Without the images, write out the whole listing exactly.

==== Supplied records

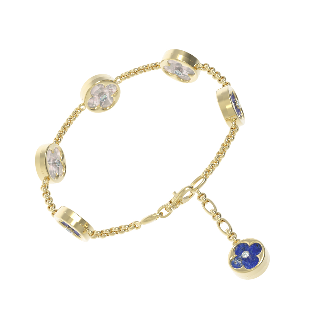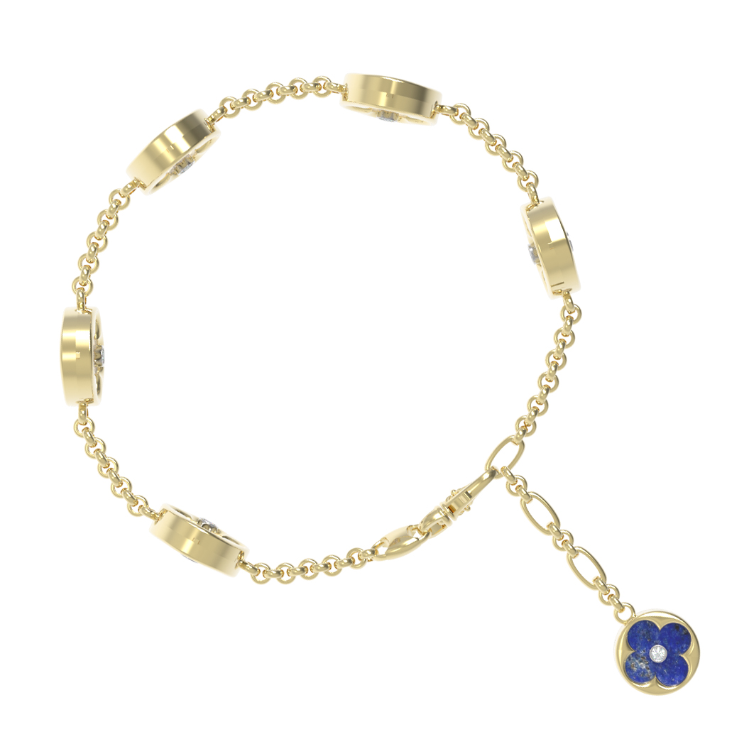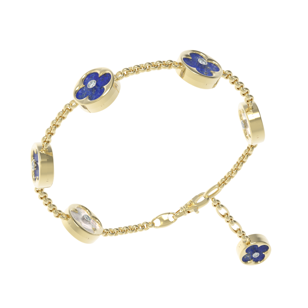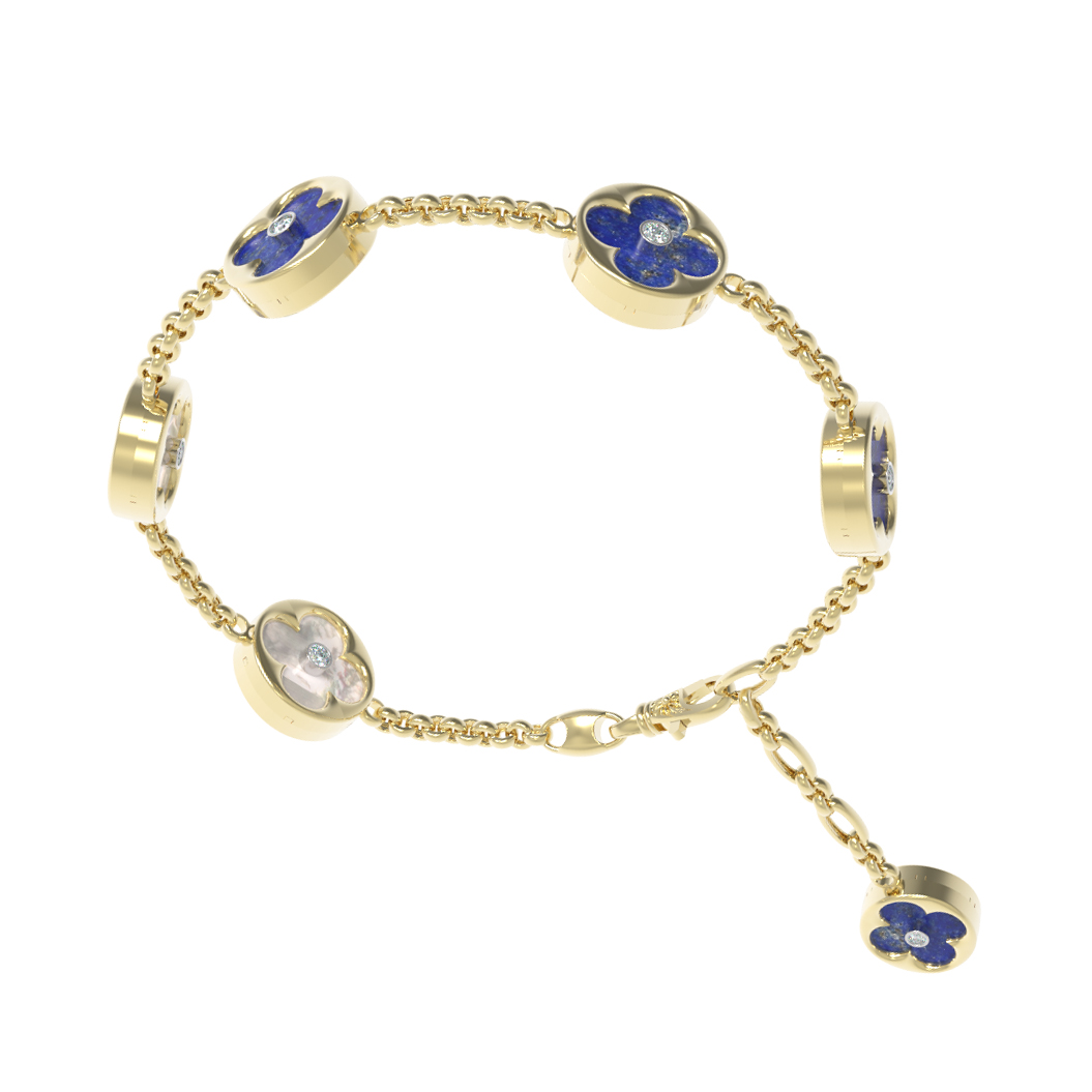 Браслет из лимонного золота c бриллиантами, лазуритом и перламутром
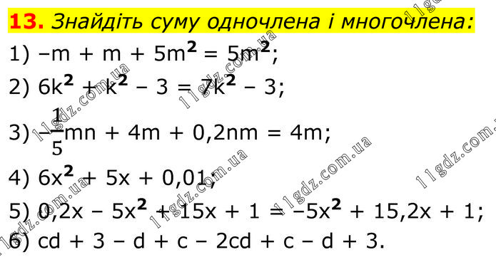 Знайдіть суму одночлена і многочлена: 1) –m + m + 5m2 = 5m2; 2) 6k2 + k2 – 3 = 7k2 – 3; 3) –1/5mn + 4m + 0,2nm = 4m; 4) 6x2 + 5x + 0,01; 5) 0,2x – 5x2 + 15x + 1 = –5x2 + 15,2x + 1; 6) cd + 3 – d + c – 2cd + c – d + 3.
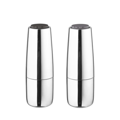 Salt- och Pepparkvarn, Polerad rostfritt stål, SALPI Både dekorativ och funktionell - Salt- och pepparkvarnen är en obligatorisk del av dukningen på bordet. SALPI har en smart och enkel låsfunktion och en elegant design. Nina Thöming står bakom designen, som är en modern och slank version av denna klassiska bordsikon. SALPI Salt- och pepparkvarn är en perfekt kompanjon till serviserna MIO och RO. Material: Polerat rostfritt stål/Keramik/Plast Mått: H 20 cm, O 7 cm. V 180 ml.
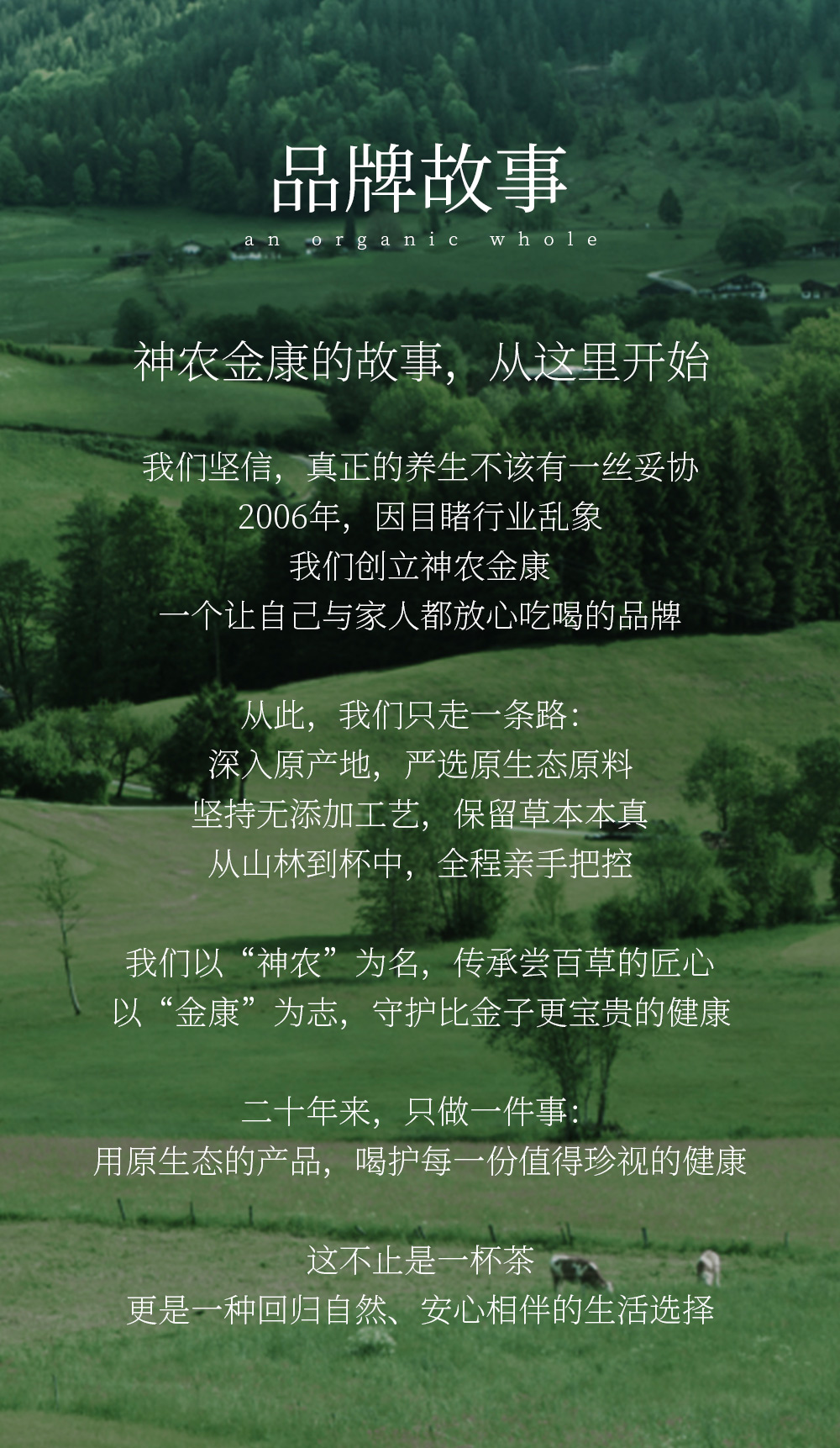 神农金康深耕滋补行业18年,用心做原生态真滋补好产品。主营绞股蓝、青钱柳、杜仲、罗布麻、莓茶、丁香、枸杞、人参等单一养生茶及清酸茶、红豆薏米茶等组合茶方,及各类有机健康炖煮食材及健康养生零食。
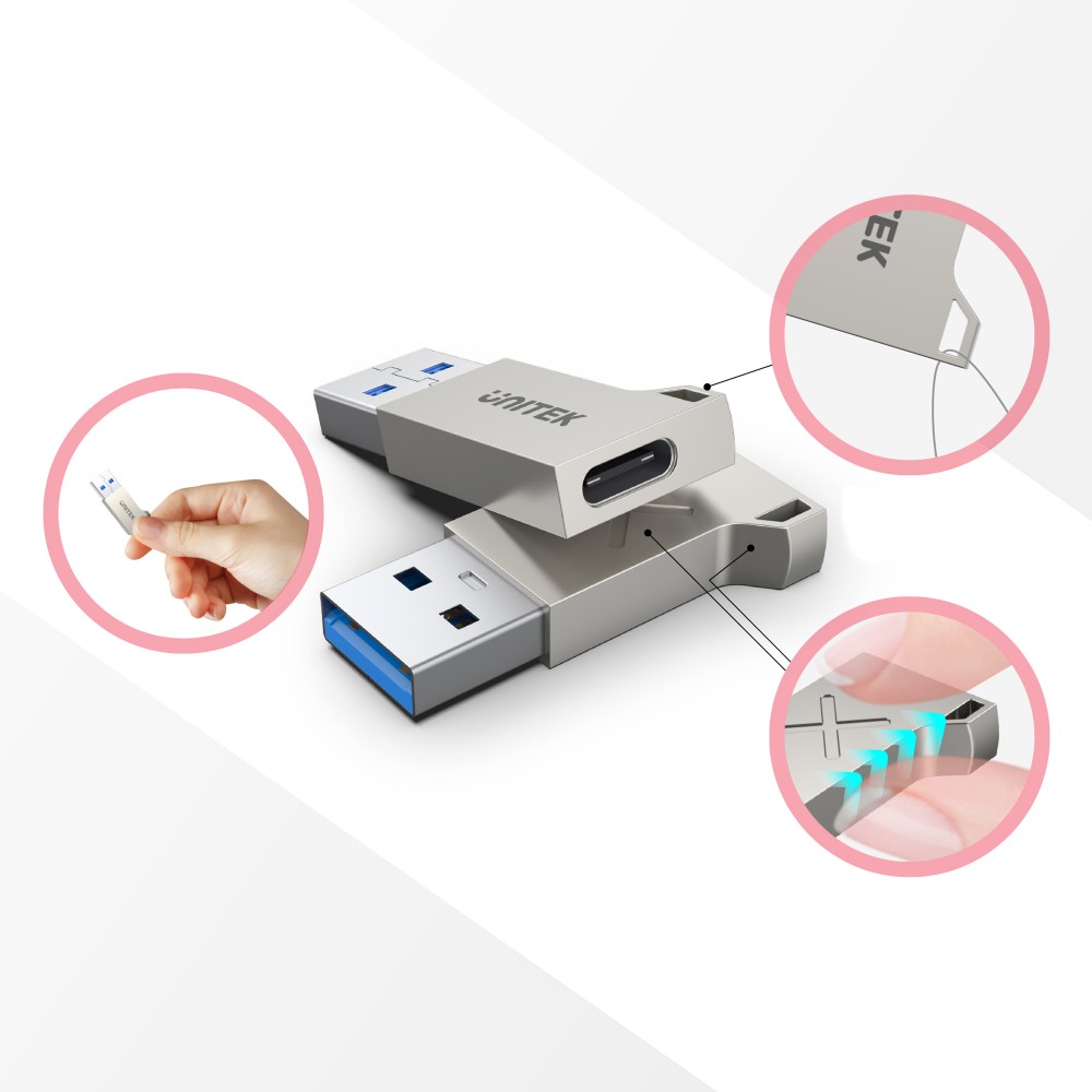 Obudowa konwertera USB-A na USB-C jest zrobiona z trwałego stopu cynku i ma dziurkę do zawieszenia np. jako breloczek przy kluczach, tak jak niektórzy noszą pendrive'y. Adapter przeszedł rygorystyczne testy - gwarantowana wytrzymałość 10 tysięcy podłączeń bez poluzowania wtyków.
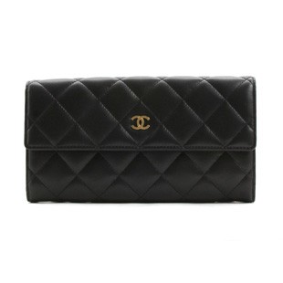 シャネル CHANEL マトラッセライン ラムスキン 長財布 ブラック&ゴールド A50096 【2013年新作】
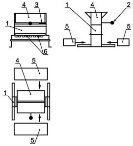 1 - основной корпус габаритными размерами (29,5 ± 0,5)´(28,0 ± 0,5)´(16,5 ± 0,5) см; 2 - рукоятка; 3 - задвижка; 4 - бункер; 5 - поддон; 6 - лопасти размером (1,25 ± 0,05) см
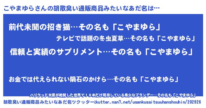 | ヘコむあだ名 | 『こやを』『こやまゆら(小並感)』 |
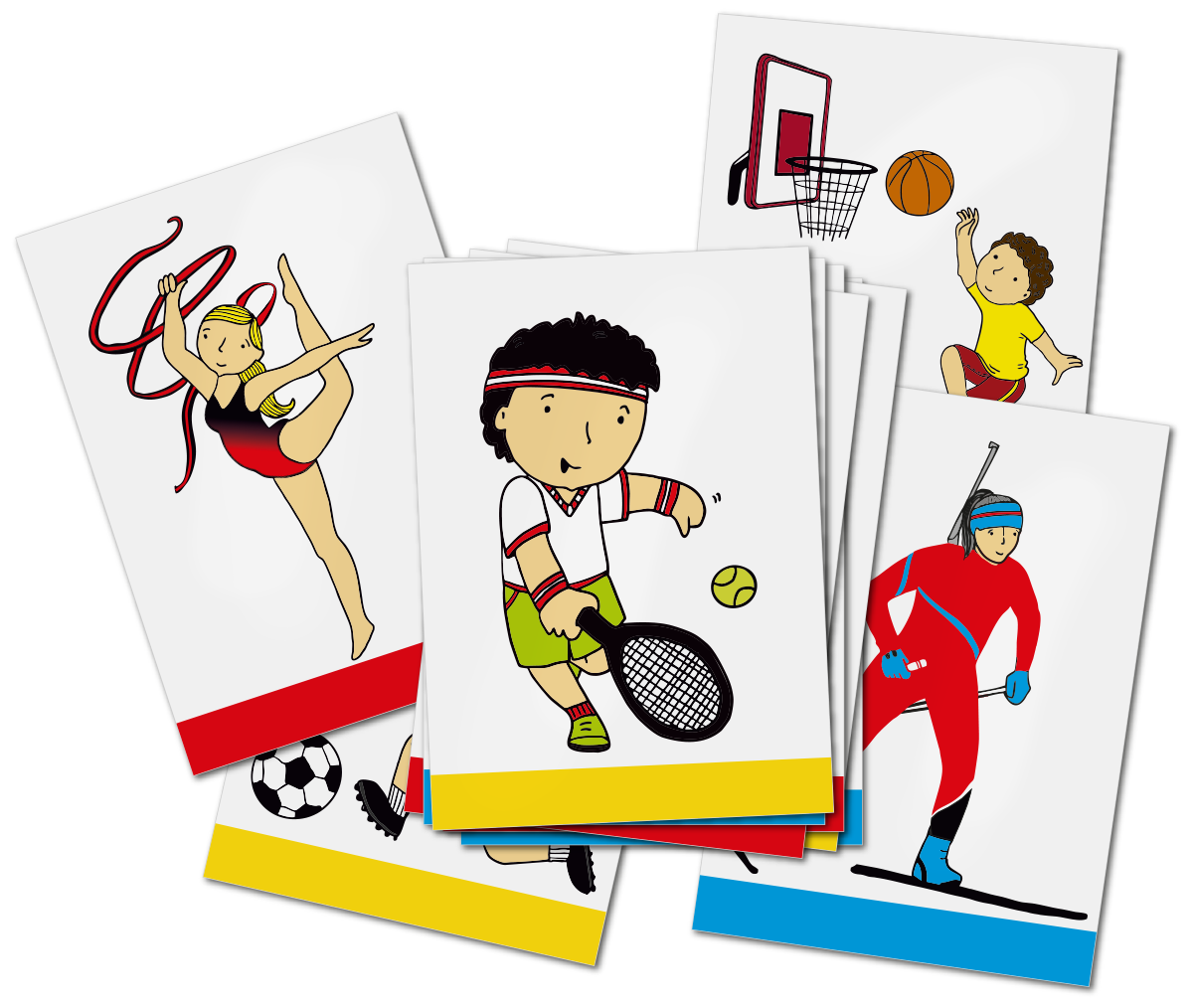 Soubor obsahuje 43 kartiček, které zobrazují sporty, jež lze realizovat v létě, v zimě nebo po celý rok ve vnitřních prostorech. Vybrané sporty a sportovce děti zpravidla dobře znají. Výtvarné ztvárnění karet je dětem svým provedením blízké.
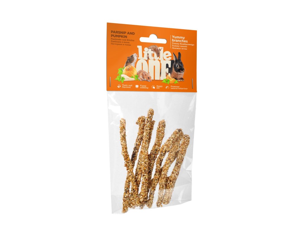 Little One ochucené větvičky s pastinákem a dýníLittle One ochucené větvičky s pastinákem a dýní jsou báječné větve, které jsou prospěšným doplňkem stravy malých savců a jsou i jejich milovanou pochoutkou. Slouží i k obrušování zubů a k zabavení vašeho mazlíka. Pamlsek je zdrojem vitaminu C, vitaminů skupiny B, betakarotenu a éterických olejů obsažených v zelenině. Obsah balení 35 g.
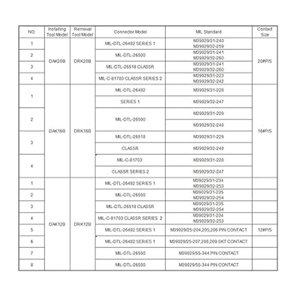 Diseñado para eliminar contactos en conectores electrónicos MILDTL26482 MILDTL26500 MILDTL26518 AS50151 AS34001 AS34121 AS81703 series
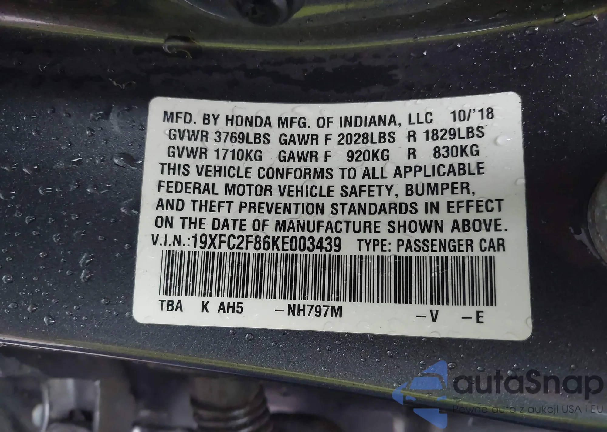 The car Honda Civic 2019 (VIN 19XFC2F86KE003439) has not been auctioned before. The documents are clean, and the mileage matches or is below the market average. Sold by an insurance company – we recommend purchase. Delivery to the port will take approx. 6–8 weeks.
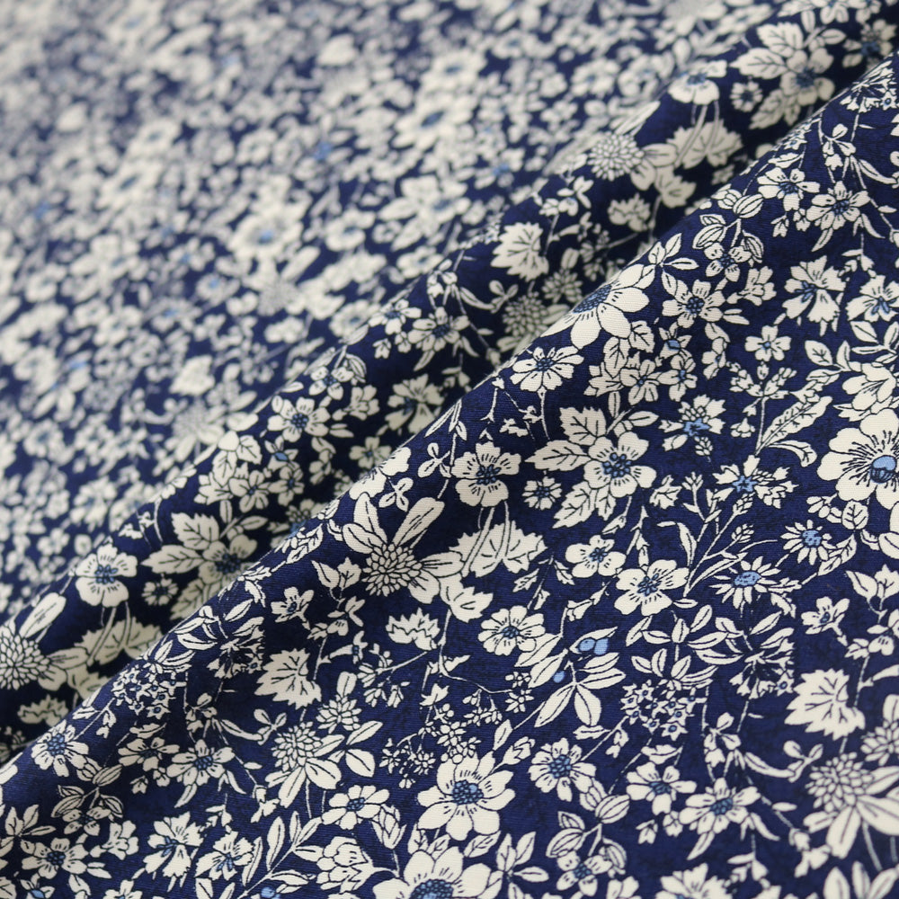 Dressmaking and Patchwork Floral Cotton Poplin - Navy Blue

========

Exercise answer:
 Браслет из лимонного золота c бриллиантами, лазуритом и перламутром
 Знайдіть суму одночлена і многочлена: 1) –m + m + 5m2 = 5m2; 2) 6k2 + k2 – 3 = 7k2 – 3; 3) –1/5mn + 4m + 0,2nm = 4m; 4) 6x2 + 5x + 0,01; 5) 0,2x – 5x2 + 15x + 1 = –5x2 + 15,2x + 1; 6) cd + 3 – d + c – 2cd + c – d + 3.
 Salt- och Pepparkvarn, Polerad rostfritt stål, SALPI Både dekorativ och funktionell - Salt- och pepparkvarnen är en obligatorisk del av dukningen på bordet. SALPI har en smart och enkel låsfunktion och en elegant design. Nina Thöming står bakom designen, som är en modern och slank version av denna klassiska bordsikon. SALPI Salt- och pepparkvarn är en perfekt kompanjon till serviserna MIO och RO. Material: Polerat rostfritt stål/Keramik/Plast Mått: H 20 cm, O 7 cm. V 180 ml.
 神农金康深耕滋补行业18年,用心做原生态真滋补好产品。主营绞股蓝、青钱柳、杜仲、罗布麻、莓茶、丁香、枸杞、人参等单一养生茶及清酸茶、红豆薏米茶等组合茶方,及各类有机健康炖煮食材及健康养生零食。
 Obudowa konwertera USB-A na USB-C jest zrobiona z trwałego stopu cynku i ma dziurkę do zawieszenia np. jako breloczek przy kluczach, tak jak niektórzy noszą pendrive'y. Adapter przeszedł rygorystyczne testy - gwarantowana wytrzymałość 10 tysięcy podłączeń bez poluzowania wtyków.
 シャネル CHANEL マトラッセライン ラムスキン 長財布 ブラック&ゴールド A50096 【2013年新作】
 1 - основной корпус габаритными размерами (29,5 ± 0,5)´(28,0 ± 0,5)´(16,5 ± 0,5) см; 2 - рукоятка; 3 - задвижка; 4 - бункер; 5 - поддон; 6 - лопасти размером (1,25 ± 0,05) см
 | ヘコむあだ名 | 『こやを』『こやまゆら(小並感)』 |
 Soubor obsahuje 43 kartiček, které zobrazují sporty, jež lze realizovat v létě, v zimě nebo po celý rok ve vnitřních prostorech. Vybrané sporty a sportovce děti zpravidla dobře znají. Výtvarné ztvárnění karet je dětem svým provedením blízké.
 Little One ochucené větvičky s pastinákem a dýníLittle One ochucené větvičky s pastinákem a dýní jsou báječné větve, které jsou prospěšným doplňkem stravy malých savců a jsou i jejich milovanou pochoutkou. Slouží i k obrušování zubů a k zabavení vašeho mazlíka. Pamlsek je zdrojem vitaminu C, vitaminů skupiny B, betakarotenu a éterických olejů obsažených v zelenině. Obsah balení 35 g.
 Diseñado para eliminar contactos en conectores electrónicos MILDTL26482 MILDTL26500 MILDTL26518 AS50151 AS34001 AS34121 AS81703 series
 The car Honda Civic 2019 (VIN 19XFC2F86KE003439) has not been auctioned before. The documents are clean, and the mileage matches or is below the market average. Sold by an insurance company – we recommend purchase. Delivery to the port will take approx. 6–8 weeks.
 Dressmaking and Patchwork Floral Cotton Poplin - Navy Blue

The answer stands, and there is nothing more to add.